Add ML4CV CLIP + generative models intro

2025-12-16 03:21:48 +01:00 · 2024-11-25 21:19:58 +01:00
parent 8457ccb892
commit 2236cc91fd
11 changed files with 196 additions and 0 deletions
--- a/src/year2/machine-learning-for-computer-vision/sections/_generative_models.tex
+++ b/src/year2/machine-learning-for-computer-vision/sections/_generative_models.tex
@ -0,0 +1,92 @@
+\chapter{Generative models}
+
+
+\begin{description}
+    \item[Generative task] \marginnote{Generative task}
+        Given the training data $\{ x^{(i)} \}$, learn the distribution of the data so that a model can sample new examples:
+        \[ \hat{x}^{(i)} \sim p_\text{gen}(x; \matr{\theta}) \]
+
+        \begin{figure}[H]
+            \centering
+            \includegraphics[width=0.4\linewidth]{./img/generative_task.png}
+        \end{figure}
+
+        \begin{remark}
+            Generative tasks are hard as natural images lay on a low dimensional subspace (i.e., only a tiny subset of all the possible RGB images makes sense).
+
+            \begin{figure}[H]
+                \centering
+                \includegraphics[width=0.6\linewidth]{./img/image_manifold.png}
+            \end{figure}
+        \end{remark}
+
+    \item[Latent vector] \marginnote{Latent vector}
+        Low-dimensional representation to encode an image.
+
+        \begin{example}
+            Face expression depends on 42 muscles.
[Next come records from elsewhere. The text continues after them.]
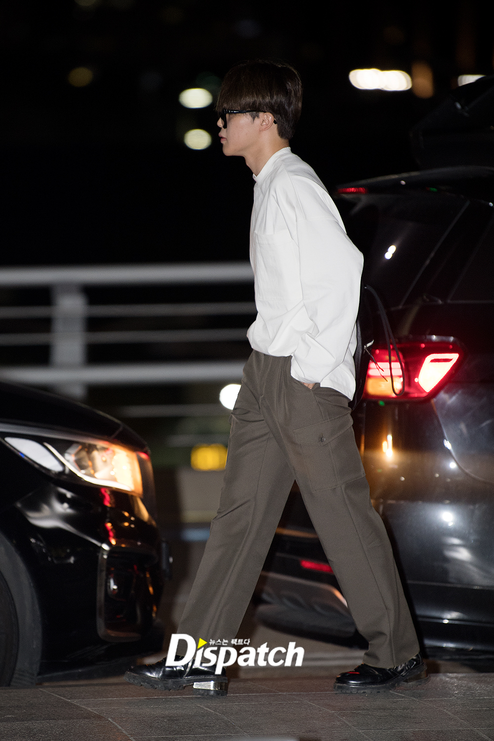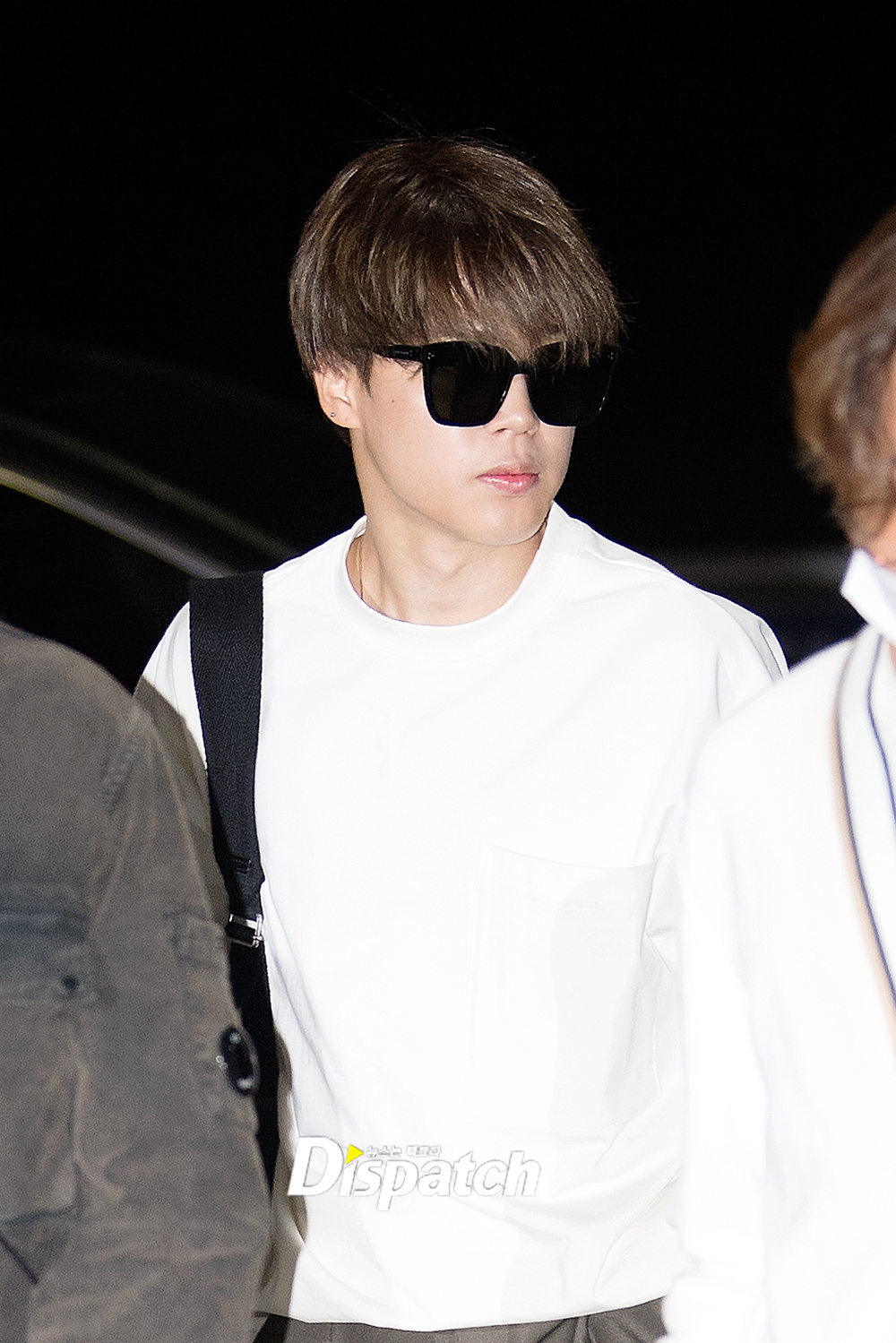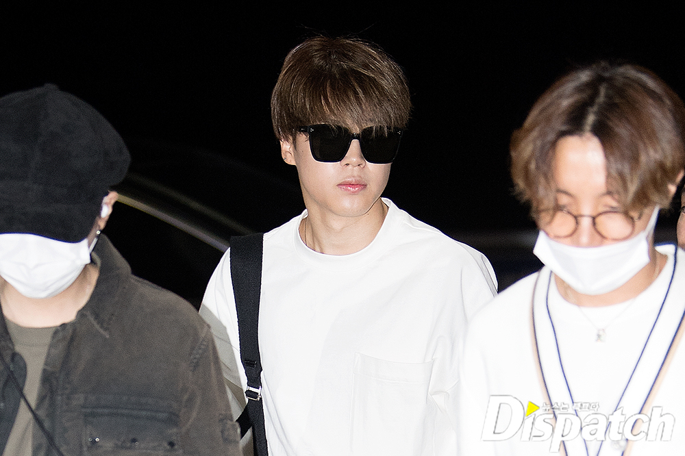 '방탄소년단' 지민은 이날 카키 슬렉스에 흰 티셔츠로 시크한 공항패션을 연출했다. 남다른 분위기는 물론 우월한 비주얼도 돋보였다.
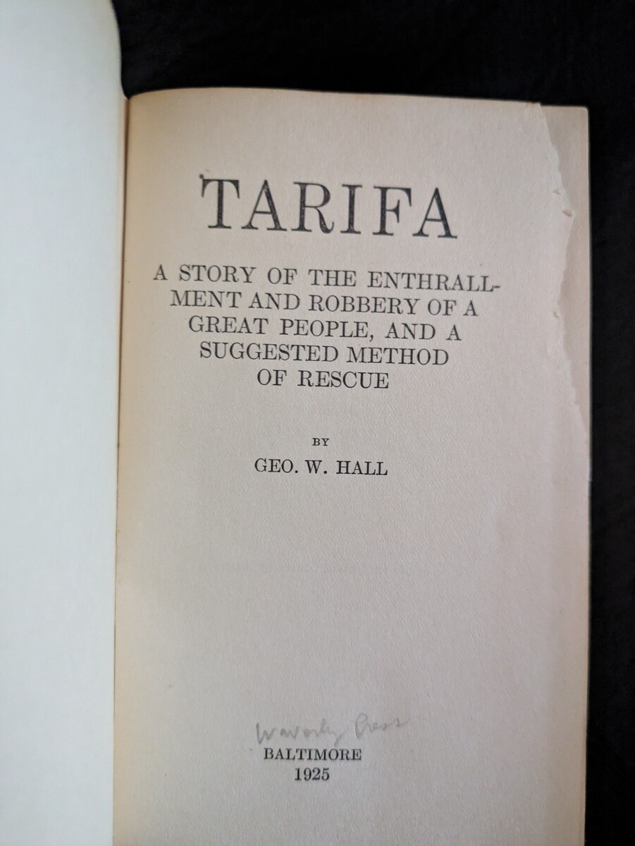 Le produit est un roman a couverture rigide intitule « Tarifa Une histoire de captivite et de vol d'un grand peuple, et une methode de sauvetage suggeree" de l'auteur George Hall, publie par Waverly Press en 1925. Le livre s?inscrit dans le genre de la fiction et se deroule dans les annees 1920. Le recit s'articule autour de themes d'interet general et est ecrit en anglais. Le livre n'est pas signe, marque comme ex libris ou personnalise de quelque maniere que ce soit, ce qui le rend ideal pour les lecteurs a la recherche d'un morceau de litterature vintage ou classique a apprecier.
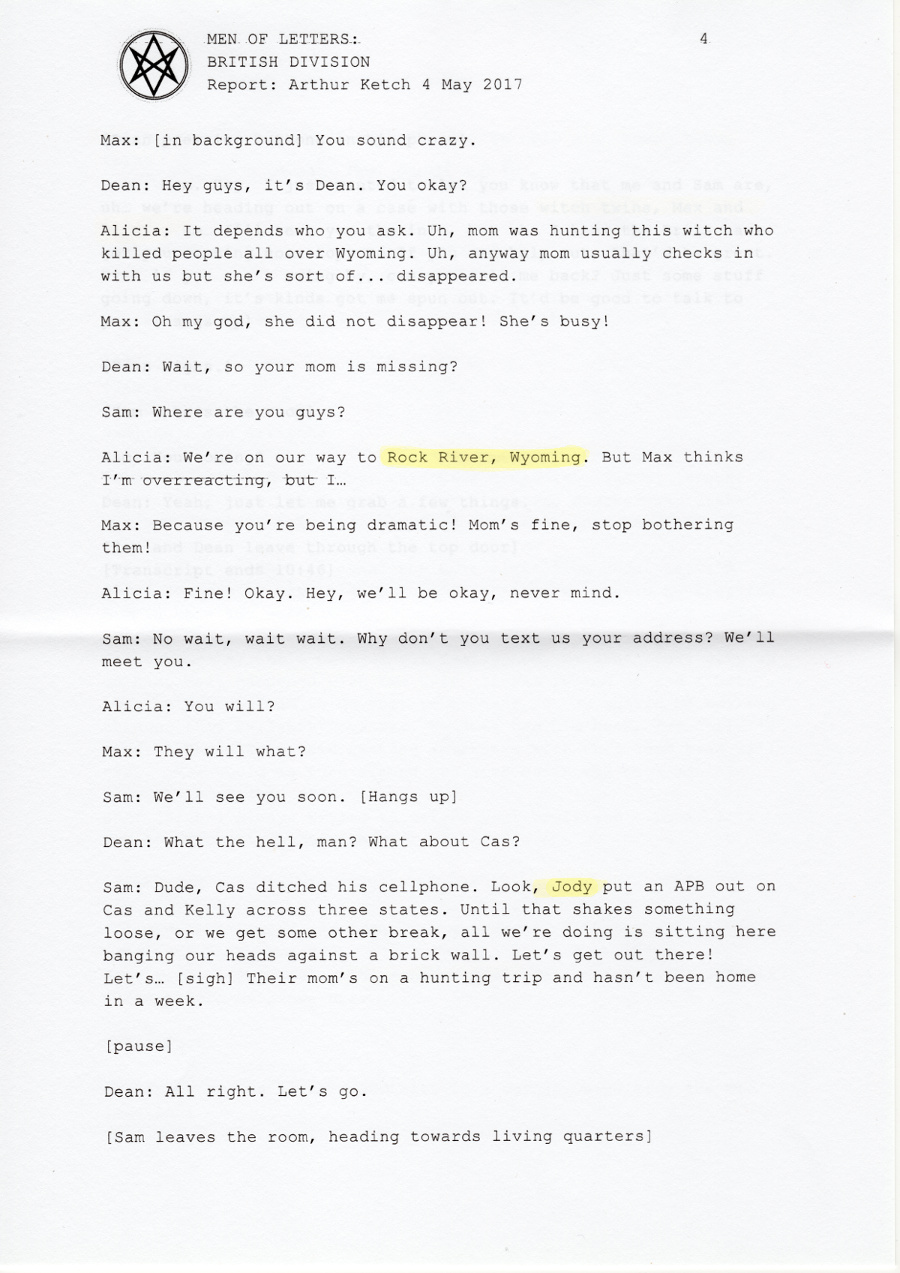 Mary: They’re still in Kansas, not too far away from here, I think. Castiel, you want to come?
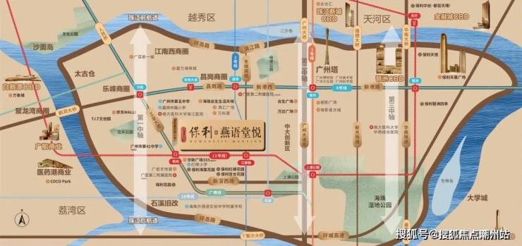 保利燕语堂悦项目坐落于工业大道中,背靠珠江后航道,傲立于海珠新活力文商旅融合圈与广州市“首个”后航道服务型制造创新带交汇的核心地带,海珠后航道将成为海珠未来唯一连片开发的豪宅板块。环拥整个海珠乃至广州最顶尖的产业、商业、文旅资源,最为宜居的纯粹居住区,媲美“法国左岸”,凝聚海珠特有的文化发展脉络与基因,既能共享中央活力区和广佛高新技术园区双向红利,又能尽收老城醇熟烟火。
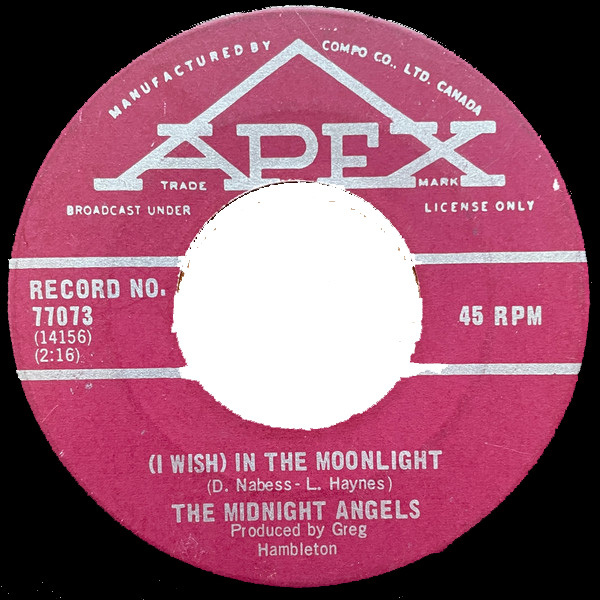 From The Pas, Manitoba, the 60’s rockabilly band The Midnight Angels are featured here with four rare tracks. The original musicians on the recording sessions at Toronto’s Sound Canada Recording Centre in 1967 are Lary Haynes, vocals and bass; Don Nabess, rhythmn guitar and vocals; Charles Nabess, lead guitar and vocals with Jim Moran on drums. After the session, Bill Allard replaced Jim on drums when they toured. Their first single was “I’m Sufferin’” b/w “(I Wish) In The Moonlight” released on the Apex label in early 1969 with local success in Dauphin (#4 on CKDN), Winnipeg and throughout the Western provinces where they toured.
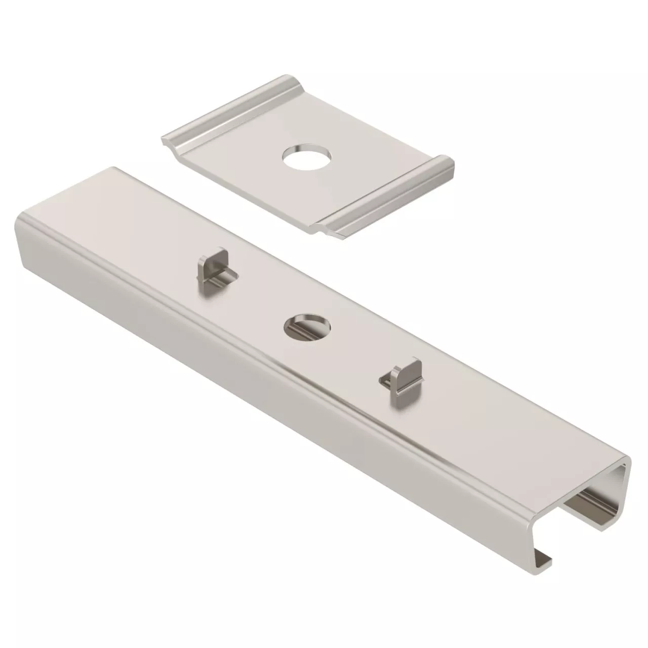 Uchwyt środkowy wraz z zaciskiem do podwieszenia korytek siatkowych.
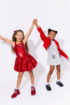• Add a dash of sparkle to special occasions with this dress, featuring a vibrant red sequin finish and an eye-catching bow detail at the front.
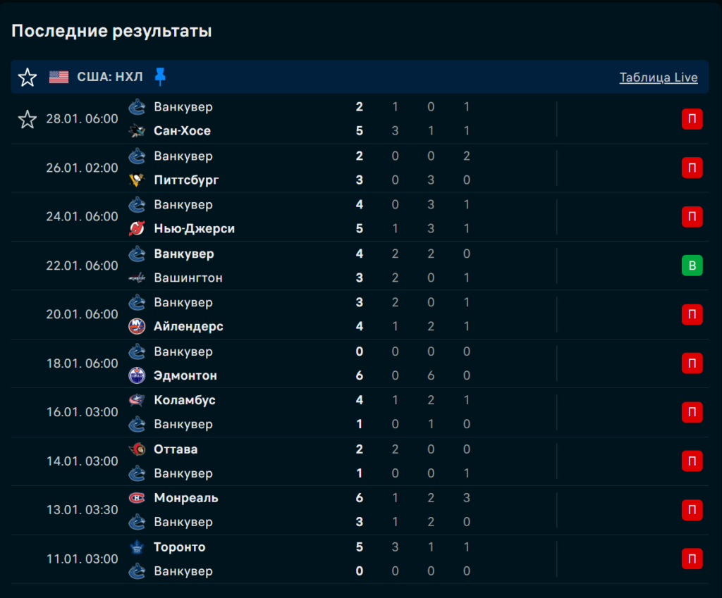 Домашний 2 : 5 с «Сан‑Хосе» — два гола в меньшинстве у своих ворот, проседание по подбору и вторым шансам. До этого 4 : 5 с «Нью‑Джерси», где «Ванкувер» создавал, но не закрыл матч по темпу и дисциплине. Тренд один: при любом давлении оборона трескается.
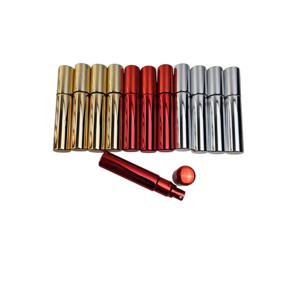 Kit Com 12 Porta Perfume De Bolsa Spray Luxo 5ML 10ML E 15ml Vermelho Dourado e Prata
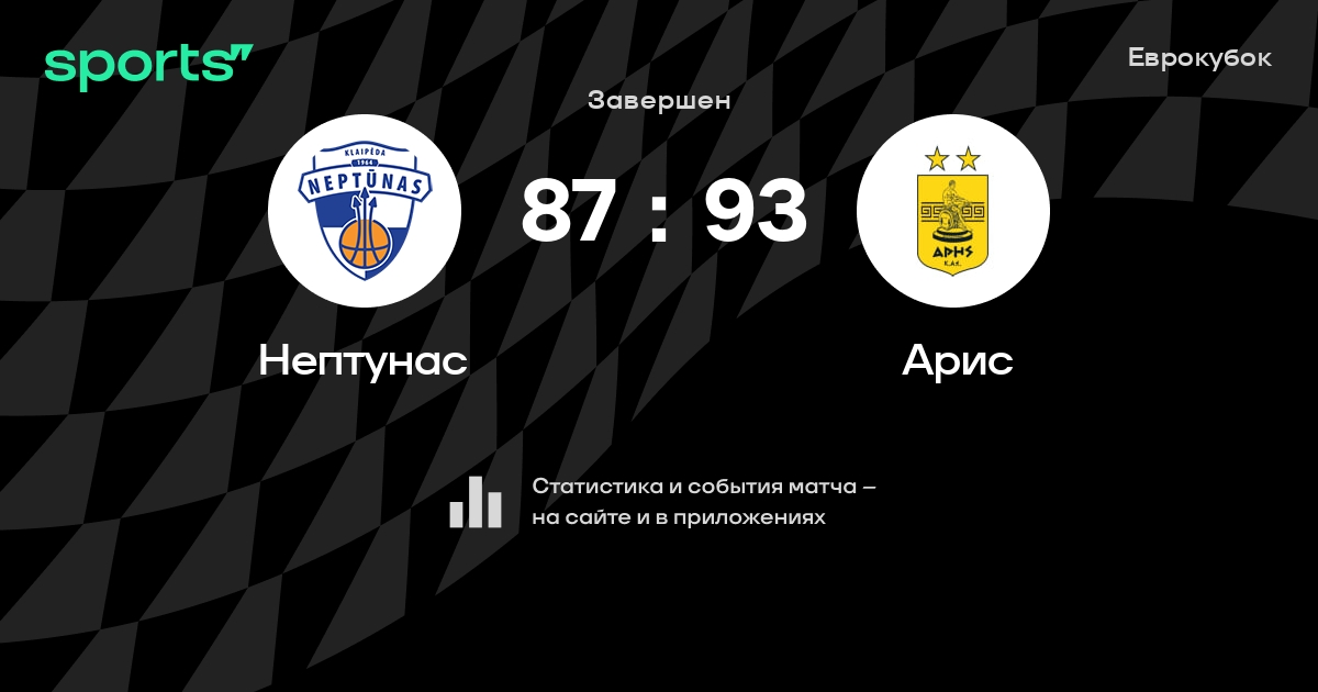 В прошедшем матче в рамках турнира Еврокубок состоялась встреча команд Нептунас - Арис в городе на стадионе Švyturio Arena со счетом 87 : 93.
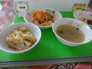 明日は0~2歳児の発表会なので、今日の給食はひばり組さんのリクエスト献立でした。
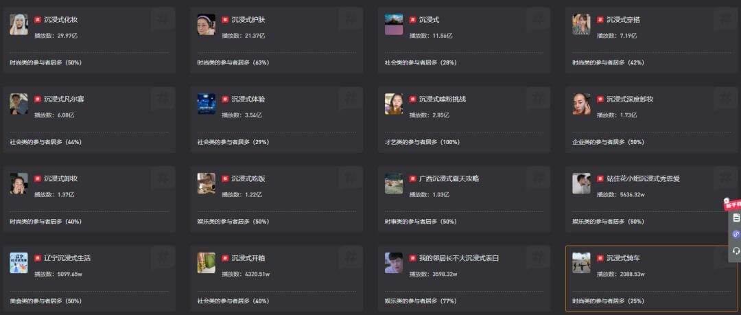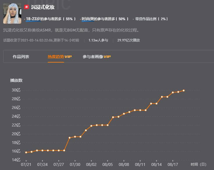 以热度最高的话题“沉浸式化妆”为例,播放量已经近30亿次。话题热度趋势显示,最近一个月内,“沉浸式化妆”的参与人数翻了一倍,播放量也是暴涨100%。

A latent representation for different poses of a face can be represented with a 42-dimensional vector.
+        \end{example}
+
+        It is assumed that the factors of a latent vector are independent or mildly correlated, and can be sampled from a known distribution.
+
+    \item[Generative model] \marginnote{Generative model}
+        Model that takes as input a latent representation and maps it into an output image.
+        \begin{figure}[H]
+            \centering
+            \includegraphics[width=0.7\linewidth]{./img/latent_for_generation.png}
+        \end{figure}
+
+        \begin{remark}
+            An ideal generative model should have the following properties:
+            \begin{itemize}
+                \item Be computationally efficient when sampling.
+                \item Produce high-quality samples.
+                \item Represent the entire training distribution.
+                \item Produce a plausible output from any latent input. Smooth changes to the input should be reflected on the output.
+                \item Have a disentangled latent space (i.e., changing a dimension of the latent space corresponds to interpretable changes in the output image).
+                \item Have the possibility to calculate the probability of the produced images (when the model is probabilistic). 
+            \end{itemize}
+        \end{remark}
+\end{description}
+
+
+
+\section{Metrics}
+
+\begin{description}
+    \item[Expectation/Expected value] \marginnote{Expectation/Expected value}
+        Informally, it is the generalization of the weighted average:
+        \[ 
+            \mathbb{E}_{x \sim p}[ f(\cdot) ] = \sum_{x \in \mathbb{X}} \prob{x} f(x) 
+            \qquad
+            \mathbb{E}_{x \sim p}[ f(\cdot) ] = \int_{x \in \mathbb{X}} \prob{x} f(x) \,dx
+        \]
+
+        \begin{description}
+            \item[Monte Carlo approximation] \marginnote{Monte Carlo approximation}
+                Approximation for expectation using $N$ i.i.d. samples drawn from $p(x)$:
+                \[ \mathbb{E}_{x \sim p}[f(\cdot)] \approx \frac{1}{N} \sum_{x_i \sim p(x)} f(x_i) \]
+        \end{description}
+
+    \item[Self-information] \marginnote{Self-information}
+        Given a probability mass function of an event, the self-information of an event $x$ is defined as:
+        \[ I(x) = -\log_b(\prob{x}) = \log_b\left( \frac{1}{\prob{x}} \right) \]
+        Intuitively, it can be seen as a measure of surprise.
+
+        \begin{example}
+            Consider the toss of a fair coin. The self-information for the outcomes are:
+            \[ I(\texttt{heads}) = I(\texttt{tails}) = \log_2\left( \frac{1}{0.5} \right) = 1 \]
+            If the coin is loaded toward tails with probability:
+            \[ 
+                \prob{\texttt{heads}} = 0.05 
+                \qquad 
+                \prob{\texttt{heads}} = 0.95 
+            \]
+            The self-information is:
+            \[ 
+                I(\texttt{heads}) = \log_2\left( \frac{1}{0.05} \right) = 4.31
+                \qquad
+                I(\texttt{tails}) = \log_2\left( \frac{1}{0.95} \right) = 0.07
+            \]
+        \end{example}
+\end{description}